In the UK, we’ve had grinners – Tony Blair and David Cameron come to mind. Theresa May could smile, but not with her eyes. The circus clown Boris Johnson only had a defendant’s smirk. Liz Truss squeaked and shrieked momentarily on occasion. None gave themselves up to laughter so entirely as Harris.

Elsewhere, I can think of none who would even vaguely match her. Vladimir Putin looks like he’s never laughed in his life and Volodymyr Zelenskyy, with his background in professional comedy, has not had anything to laugh about for a very long time. Where else to go? Australia doesn’t laugh anymore, if Sky News is any judge.

Surprised by joy

So what is Harris’s laughter about? There’s a clue in a clip of her that po-faced Fox anchor, Peta Credlin, ran in her attempted take-down. It was supposed to reference Harris’s “word salad”, with “PR professional” Prue Macsween claiming that outgoing president Joe Biden and Harris are as unintelligible as each other.

In that clip, Harris refers to “a reflection of joy… it comes in the morning.” One cannot be sure whether Harris was channelling the 1931 hymn ‘Morning has broken’ or perhaps referencing Psalm 30:5. But the word “joy” is, I think, key. There is a lot that is joyful about Harris’s laugh.

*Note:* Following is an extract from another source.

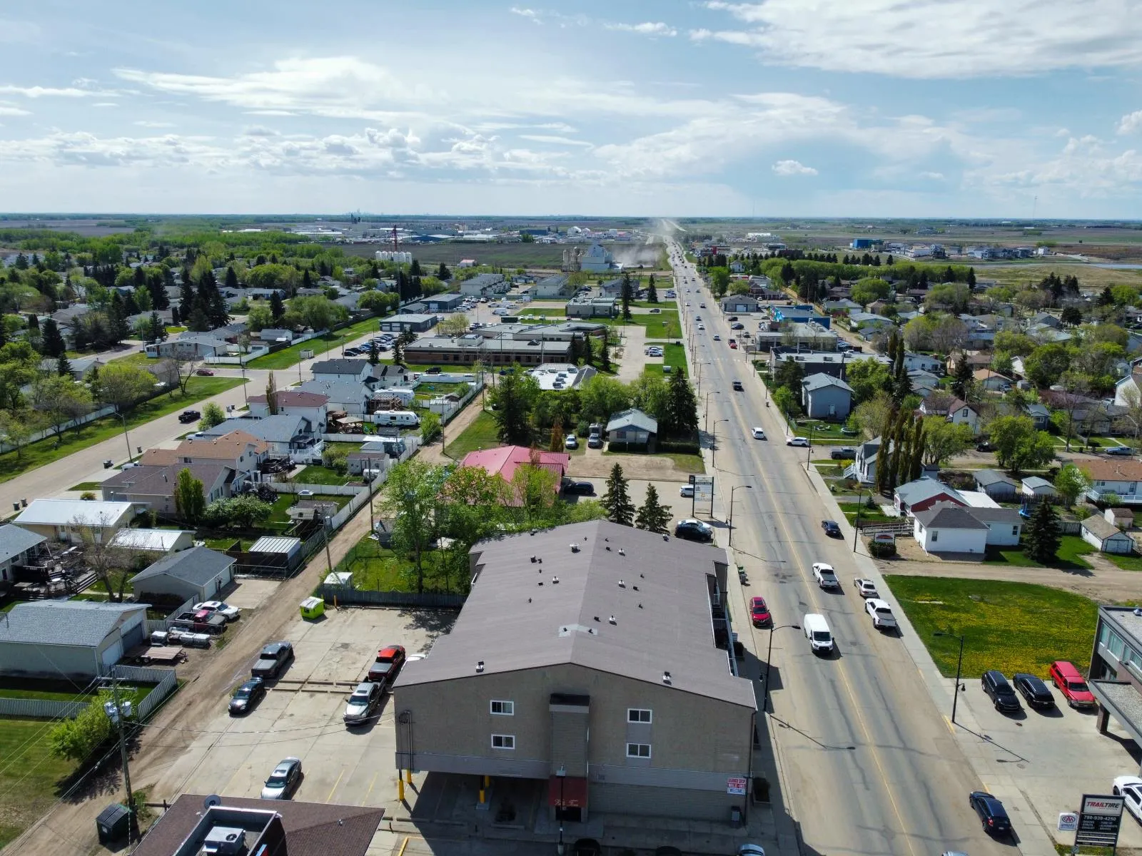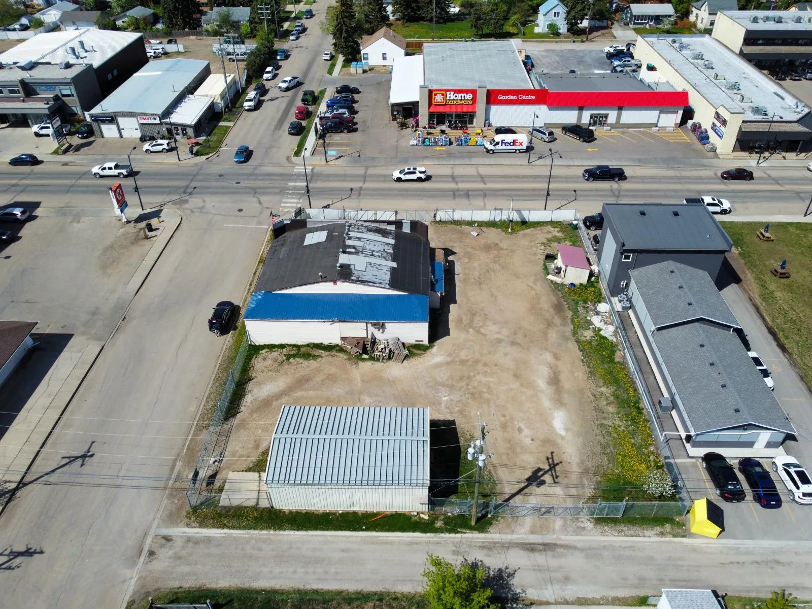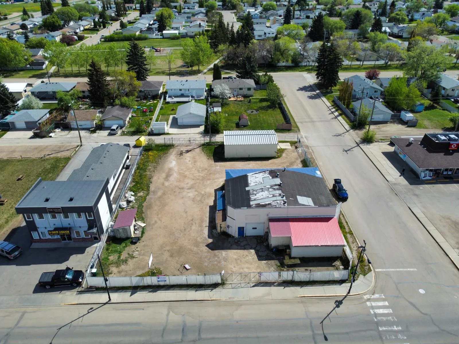 Prime Commercial Property for Sale in Morinville. A unique opportunity to acquire a high-visibility commercial property located on the bustling Main Street of Morinville. This former bottle depot sits on a strategically positioned corner lot with excellent exposure, benefiting from over 5,265 vehicles passing daily. The expansive lot spans 150’ x 127’, offering ample space for redevelopment potential. With dual

Joyful laughter is distinguishable from other forms of laughter. At its most liberated, it is ecstatic. It’s as if we’re out of control; as if, indeed, we’re in the grip of something larger than ourselves. This is a gift that, in the world of politics, seems to have been given to Harris alone. And the rest look on her as mad.

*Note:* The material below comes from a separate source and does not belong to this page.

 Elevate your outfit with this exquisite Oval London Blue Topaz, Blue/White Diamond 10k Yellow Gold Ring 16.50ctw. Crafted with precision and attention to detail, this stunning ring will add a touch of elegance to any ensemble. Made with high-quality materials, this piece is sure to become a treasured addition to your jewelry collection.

I find her gales of unbridled laughter utterly infectious

In his 1955 semi-autobiographical book, Surprised By Joy (Collins), CS Lewis writes that his and our lives have “stabs” of joy, moments of intensity that are like signposts; as if we’re lost in the woods. This is truly joyful laughter in the ecstatic sense, a glimpse of something uncontrollably greater than us. It is the sort of euphoria that gripped hostage John McCarthy in the late 80s in his prison cell in Lebanon, when he prayed in his darkest despair.

Fruit of the Spirit

Harris hasn’t suffered like that, but her life has not been easy. It may be that her laughter is a physical response to the discrimination she has encountered as an ambitious, black, female politician with a complex family life.

For St Paul, joy is one of the nine fruit (not fruits) of the Spirit (see Galatians 5). Not only is it shared – like laughter – but it’s something that affliction and persecution cannot quench. In his day, too, observers looked on those in possession of such Spirit as drunk or mad (see Acts 2). Intriguingly, that Sky News contributor called Harris one of the “two fruit-loops at the helm.”

Fruit-loop she may well be, but perhaps our politics could do with being a little surprised by joy. Because the alternative is no laughing matter.